[Extracted data entries]
______________________________
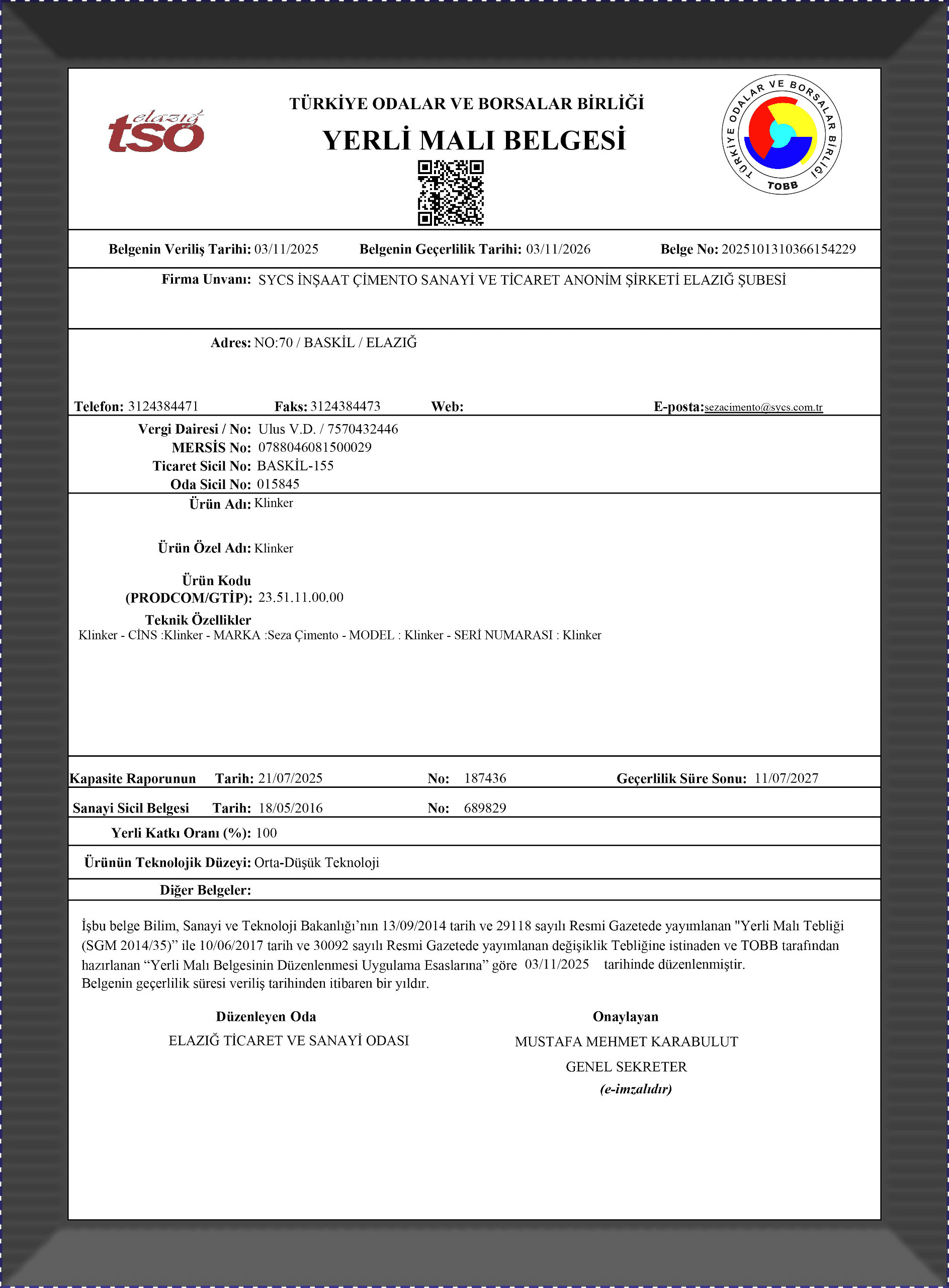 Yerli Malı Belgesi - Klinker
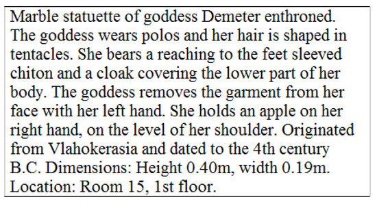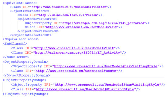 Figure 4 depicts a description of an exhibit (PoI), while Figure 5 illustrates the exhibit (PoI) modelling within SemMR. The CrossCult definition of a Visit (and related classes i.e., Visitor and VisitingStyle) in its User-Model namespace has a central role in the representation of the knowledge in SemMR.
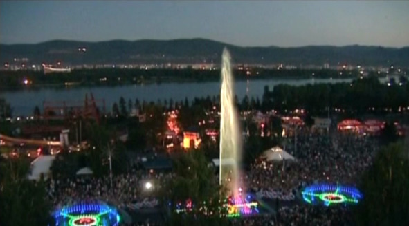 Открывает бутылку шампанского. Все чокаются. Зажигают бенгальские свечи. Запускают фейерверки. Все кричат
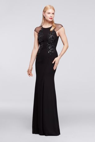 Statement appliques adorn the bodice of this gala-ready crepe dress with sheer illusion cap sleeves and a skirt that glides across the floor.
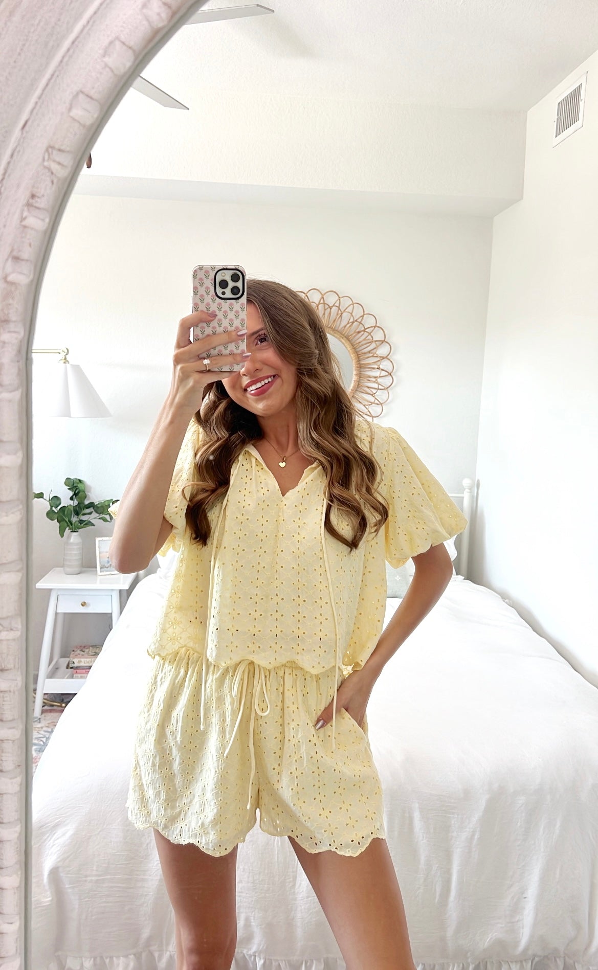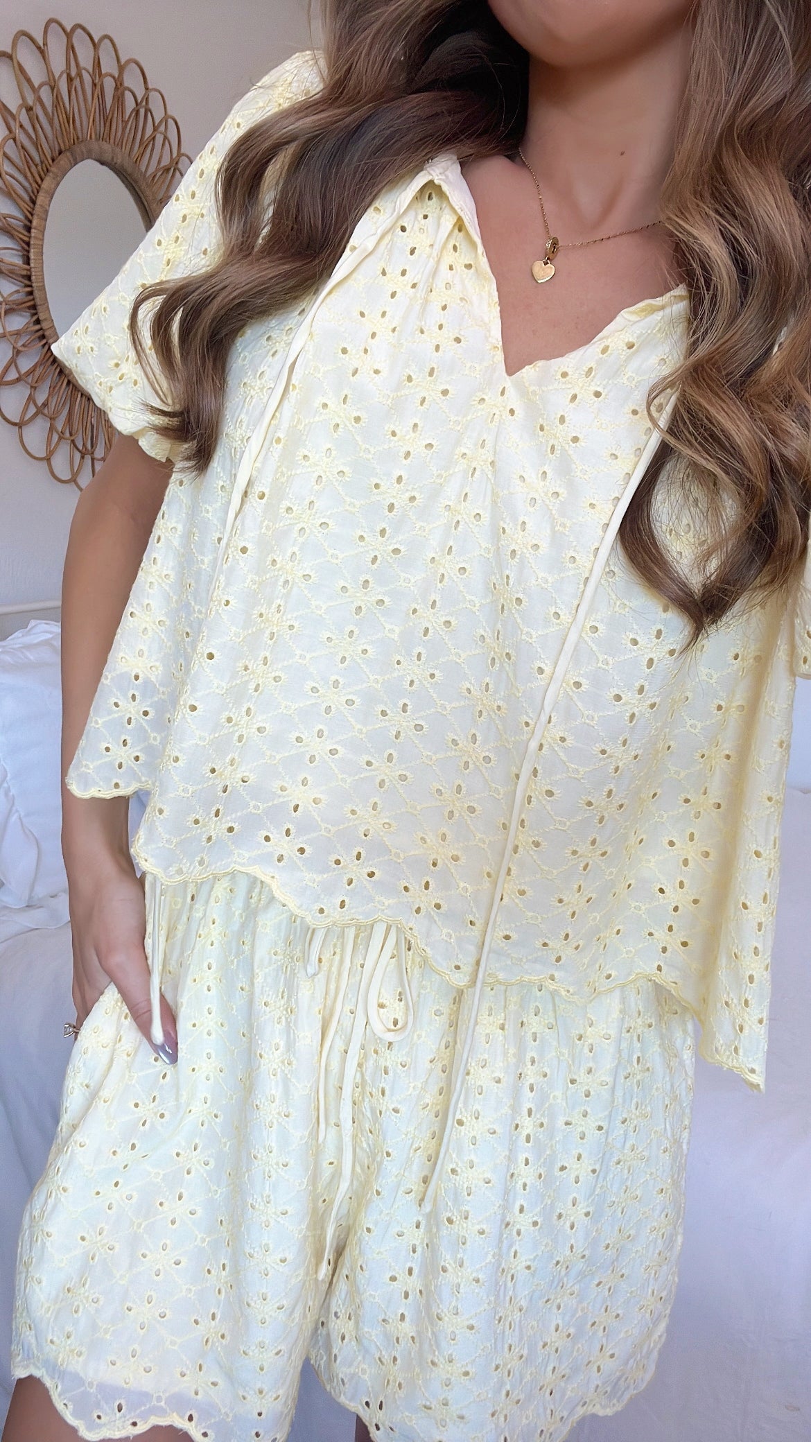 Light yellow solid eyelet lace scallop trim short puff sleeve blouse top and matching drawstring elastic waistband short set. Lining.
______________________________
▶ [Work instruction]: There should be an exact restatement of the lines from the line with "Figure 4 depicts" through the last line of the entries above, and no pictures in it.

▶ [Result]:
 Figure 4 depicts a description of an exhibit (PoI), while Figure 5 illustrates the exhibit (PoI) modelling within SemMR. The CrossCult definition of a Visit (and related classes i.e., Visitor and VisitingStyle) in its User-Model namespace has a central role in the representation of the knowledge in SemMR.
 Открывает бутылку шампанского. Все чокаются. Зажигают бенгальские свечи. Запускают фейерверки. Все кричат
 Statement appliques adorn the bodice of this gala-ready crepe dress with sheer illusion cap sleeves and a skirt that glides across the floor.
 Light yellow solid eyelet lace scallop trim short puff sleeve blouse top and matching drawstring elastic waistband short set. Lining.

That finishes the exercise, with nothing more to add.